▸ ASSIGNED TASK:
For the records that follow, please set down exactly the lines between the one holding "Вообще, хот-дог считается" and the one holding "当前位置: 91家纺网 >", inclusive, and only those.

▸ DATA FOR THIS EXERCISE:
--- START ---

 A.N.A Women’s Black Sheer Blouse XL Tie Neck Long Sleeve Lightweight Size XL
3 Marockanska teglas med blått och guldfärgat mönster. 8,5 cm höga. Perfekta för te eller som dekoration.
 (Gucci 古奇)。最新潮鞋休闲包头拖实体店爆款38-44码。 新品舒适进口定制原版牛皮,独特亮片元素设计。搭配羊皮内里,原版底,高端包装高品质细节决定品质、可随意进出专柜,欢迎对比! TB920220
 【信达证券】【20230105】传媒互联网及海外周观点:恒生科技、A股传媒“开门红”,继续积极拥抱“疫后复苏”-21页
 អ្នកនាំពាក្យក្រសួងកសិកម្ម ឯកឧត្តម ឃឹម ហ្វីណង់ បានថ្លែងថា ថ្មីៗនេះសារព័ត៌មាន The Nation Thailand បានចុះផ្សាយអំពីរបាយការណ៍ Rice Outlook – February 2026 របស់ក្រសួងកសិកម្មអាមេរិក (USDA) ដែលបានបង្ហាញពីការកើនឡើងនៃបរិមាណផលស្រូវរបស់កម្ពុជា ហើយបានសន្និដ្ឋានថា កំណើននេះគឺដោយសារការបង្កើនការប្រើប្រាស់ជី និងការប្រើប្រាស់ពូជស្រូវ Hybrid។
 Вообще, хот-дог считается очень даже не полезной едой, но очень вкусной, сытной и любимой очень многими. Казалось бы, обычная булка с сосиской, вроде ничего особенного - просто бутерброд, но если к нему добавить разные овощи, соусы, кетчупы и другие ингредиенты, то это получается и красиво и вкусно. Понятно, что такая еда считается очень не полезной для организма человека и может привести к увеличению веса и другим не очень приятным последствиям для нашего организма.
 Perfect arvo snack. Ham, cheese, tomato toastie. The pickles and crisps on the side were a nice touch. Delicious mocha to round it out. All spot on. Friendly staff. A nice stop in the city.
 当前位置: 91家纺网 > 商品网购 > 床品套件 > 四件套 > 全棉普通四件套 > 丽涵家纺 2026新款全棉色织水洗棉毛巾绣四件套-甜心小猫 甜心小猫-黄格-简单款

--- END ---
--- START ---

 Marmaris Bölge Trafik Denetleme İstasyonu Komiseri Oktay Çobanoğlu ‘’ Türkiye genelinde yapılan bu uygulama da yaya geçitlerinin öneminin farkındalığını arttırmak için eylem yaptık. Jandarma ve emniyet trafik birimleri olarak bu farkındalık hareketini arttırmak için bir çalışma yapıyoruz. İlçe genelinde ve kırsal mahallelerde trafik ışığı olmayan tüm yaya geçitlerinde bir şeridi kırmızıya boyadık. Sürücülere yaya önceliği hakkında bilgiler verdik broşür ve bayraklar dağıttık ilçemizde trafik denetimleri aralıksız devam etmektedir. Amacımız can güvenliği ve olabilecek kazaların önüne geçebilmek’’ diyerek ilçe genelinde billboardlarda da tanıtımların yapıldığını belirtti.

--- END ---
--- START ---

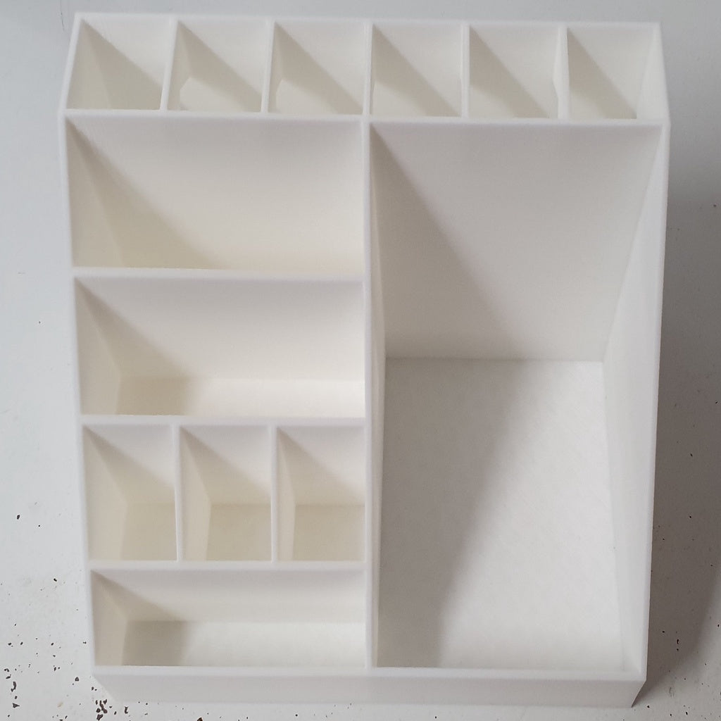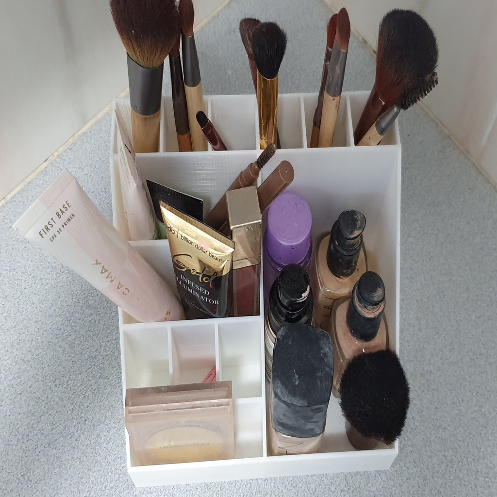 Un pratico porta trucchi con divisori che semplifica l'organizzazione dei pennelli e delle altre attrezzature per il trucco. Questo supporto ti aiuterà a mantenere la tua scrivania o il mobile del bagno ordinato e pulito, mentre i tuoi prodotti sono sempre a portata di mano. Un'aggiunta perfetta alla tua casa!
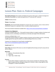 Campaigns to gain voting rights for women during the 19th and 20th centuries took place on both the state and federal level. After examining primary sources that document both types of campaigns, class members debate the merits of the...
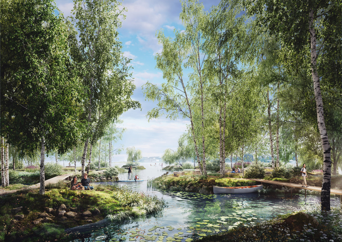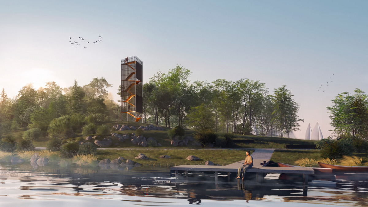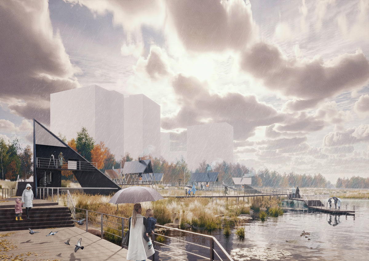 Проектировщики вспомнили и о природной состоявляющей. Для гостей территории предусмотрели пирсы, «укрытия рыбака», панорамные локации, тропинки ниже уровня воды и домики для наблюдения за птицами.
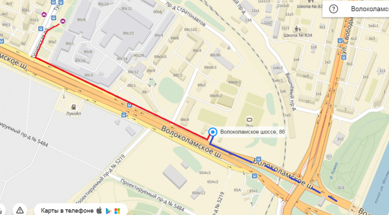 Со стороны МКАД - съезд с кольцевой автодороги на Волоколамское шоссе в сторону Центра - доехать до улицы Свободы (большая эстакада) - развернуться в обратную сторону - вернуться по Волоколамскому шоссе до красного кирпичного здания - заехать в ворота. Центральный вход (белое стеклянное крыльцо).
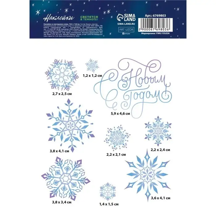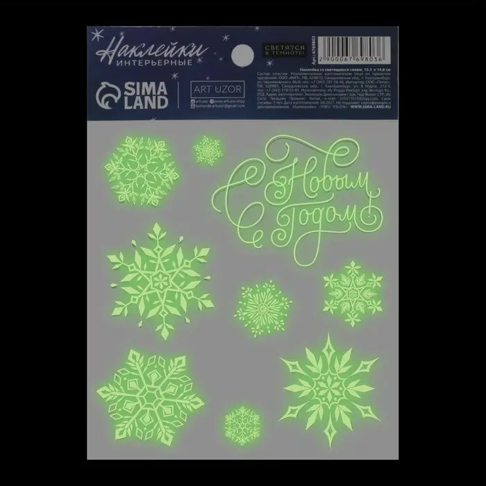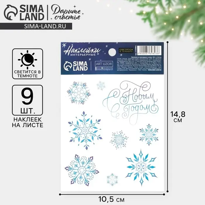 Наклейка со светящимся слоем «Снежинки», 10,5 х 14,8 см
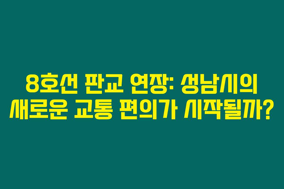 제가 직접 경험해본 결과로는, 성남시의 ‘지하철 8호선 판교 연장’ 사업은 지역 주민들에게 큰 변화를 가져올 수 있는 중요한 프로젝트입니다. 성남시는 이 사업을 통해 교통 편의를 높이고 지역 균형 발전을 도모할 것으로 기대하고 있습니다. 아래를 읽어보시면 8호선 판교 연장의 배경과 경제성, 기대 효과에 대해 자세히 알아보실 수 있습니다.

--- END ---

▸ FINAL ANSWER:
 Вообще, хот-дог считается очень даже не полезной едой, но очень вкусной, сытной и любимой очень многими. Казалось бы, обычная булка с сосиской, вроде ничего особенного - просто бутерброд, но если к нему добавить разные овощи, соусы, кетчупы и другие ингредиенты, то это получается и красиво и вкусно. Понятно, что такая еда считается очень не полезной для организма человека и может привести к увеличению веса и другим не очень приятным последствиям для нашего организма.
 Perfect arvo snack. Ham, cheese, tomato toastie. The pickles and crisps on the side were a nice touch. Delicious mocha to round it out. All spot on. Friendly staff. A nice stop in the city.
 当前位置: 91家纺网 > 商品网购 > 床品套件 > 四件套 > 全棉普通四件套 > 丽涵家纺 2026新款全棉色织水洗棉毛巾绣四件套-甜心小猫 甜心小猫-黄格-简单款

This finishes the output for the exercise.